После дележа денег, вырученных за корабль, на мою долю пришлось пятьсот золотых динаров; кроме того, я собственноручно зашил в одежду два прекрасных изумруда, два рубина, голубой сапфир и три небольших алмаза.

Покупая Бербера, я заодно сторговал лук и колчан со стрелами. Однако путешествовать в одиночку было неразумно, и я надеялся присоединиться к какой-нибудь группе путников, которые пожелали бы увеличить свою мощь.

Тот нищий меня сильно беспокоил. Он следил за мной от самого порта, никаких сомнений. Был поблизости, когда я прощался с Селимом… Зачем? Кто он такой?
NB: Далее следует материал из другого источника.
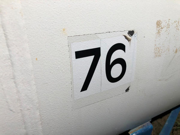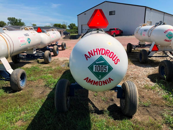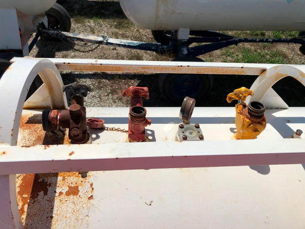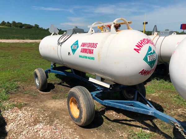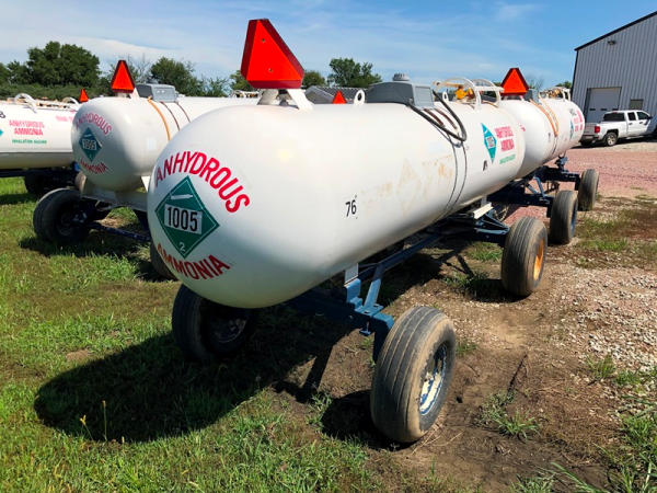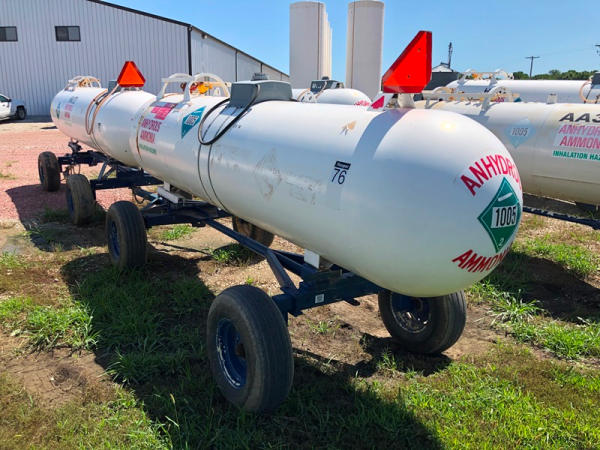 NH3 Tank (NP8814, Tank 76), 1,000 gallon capacity, top front fill, 5th wheel gear, water tank, 11L-15 flotation tires, data plate.
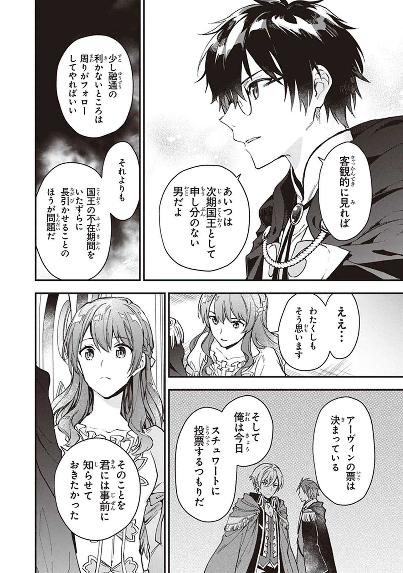 パニックの私の前に現れたのは王様候補の貴公子達――華やかで俺様なスチュワート、頭脳派のシアン、騎士団長のアーヴィン。
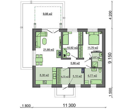 • 4M378 Проект одноэтажного дома в классическом стиле
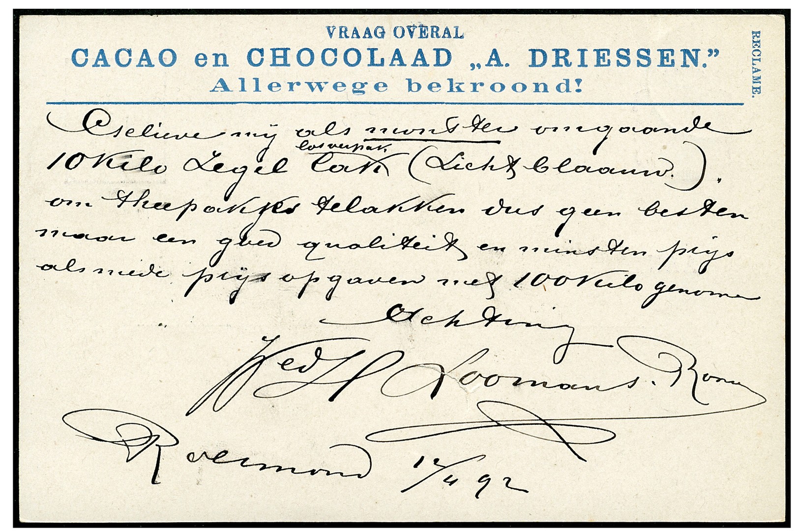Bk. van 2½c (scheurtje in het midden) met op az. in blauw bedrukte reclame voor 'Cacao en Chocolaad...' van Roermond 12-4-1892 naar Apeldoorn 13-4
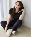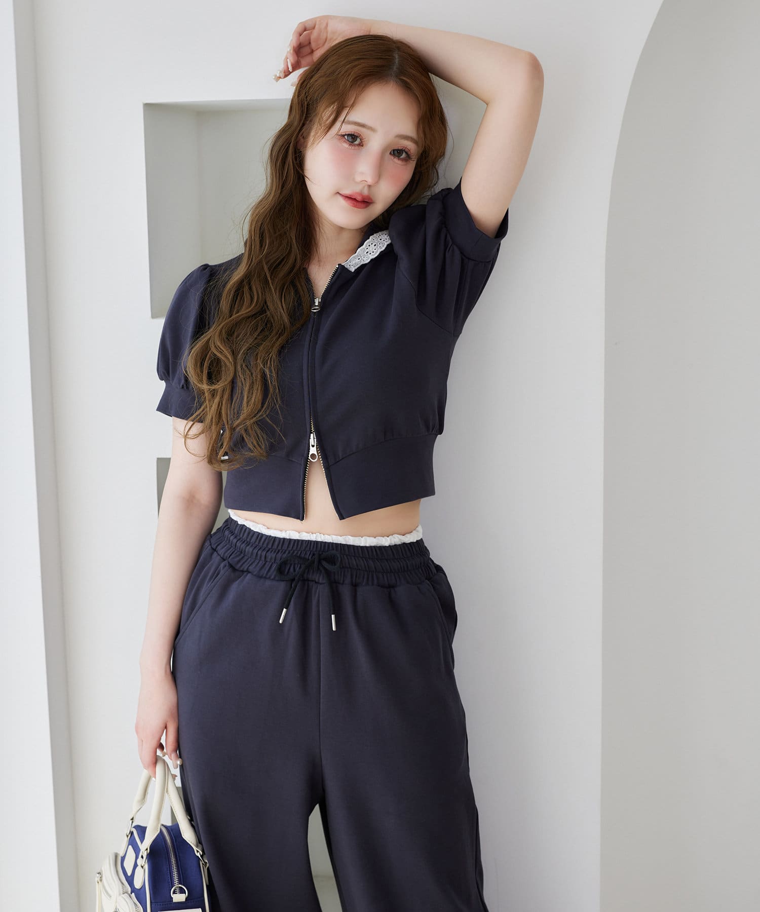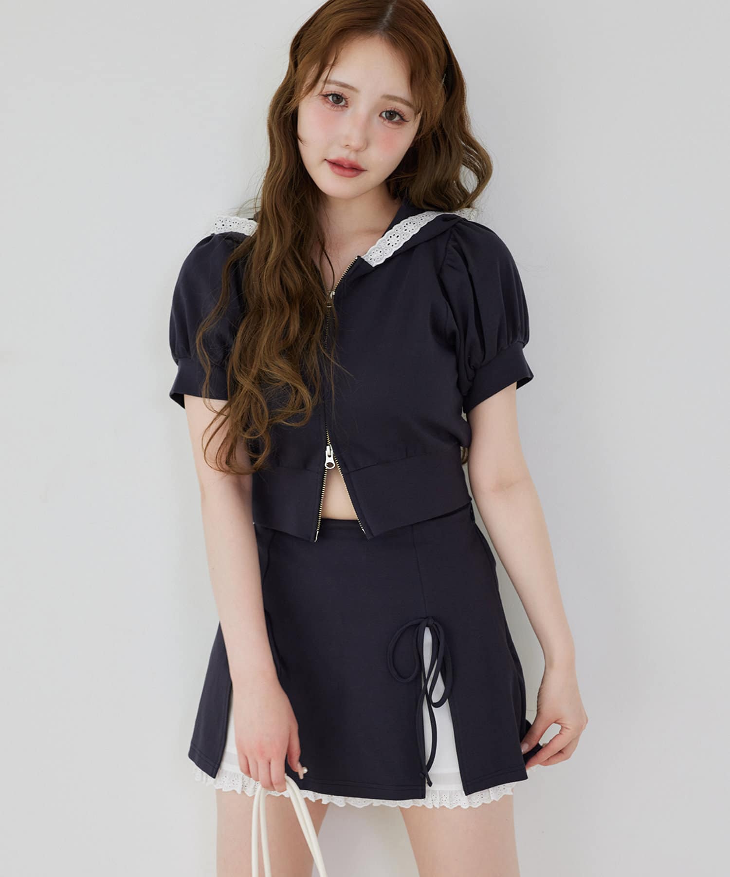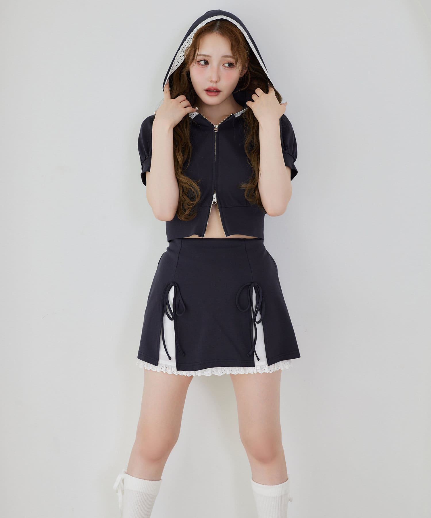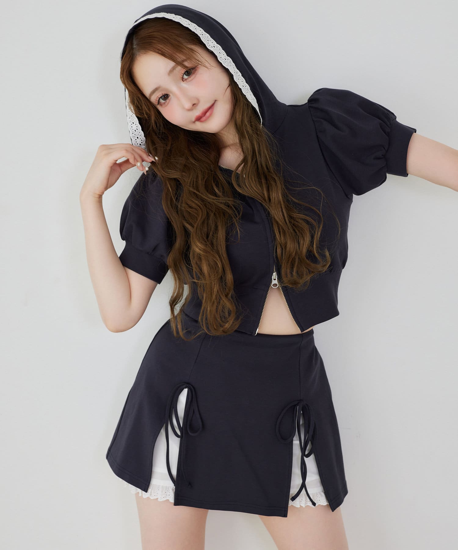 フード部分には繊細なレースを施し、スポーティーなデザインにフェミニンなアクセントをプラス。

Действовал сам по себе или служил кому-то другому?

Я расположился в кустах на склоне холма, отдыхал и смотрел, как начинается дневное движение по дороге. Это место превосходно укрывало меня и давало возможность наблюдать за прохожими и проезжими.

Вот прошел купец с десятком верблюдов и несколькими конниками, потом проскакала дюжина солдат в остроконечных шлемах и кольчугах. За ними проследовала повозка, запряженная быками и охраняемая двумя всадниками, потом появилась разношерстная компания мужиков довольно грубого вида. Двое из них отделились от прочих и спрятались на склоне прямо подо мной. Они устроились поудобнее и стали наблюдать за дорогой.

Внезапно их разговор умолк. Появились новые путешественники — высокий человек в черном верхом на муле под богато расшитым чепраком, с тремя слугами, также на мулах. Все они были вооружены, но, судя по осанке, отнюдь не воины. Следовали за ними и два вьючных мула; однако внимание наблюдателей внизу сосредоточилось не на поклаже, а на человеке в черной одежде.

— Это Иоанн. Иоанн Севильский!

Когда маленький караван удалился по узкой дороге, один из двух наблюдателей вскочил на коня и поскакал через холм; при этом он проехал мимо меня достаточно близко, чтобы я хорошо разглядел его — коренастого крепыша с жирной кожей и нечесаными волосами. Он был вооружен до зубов.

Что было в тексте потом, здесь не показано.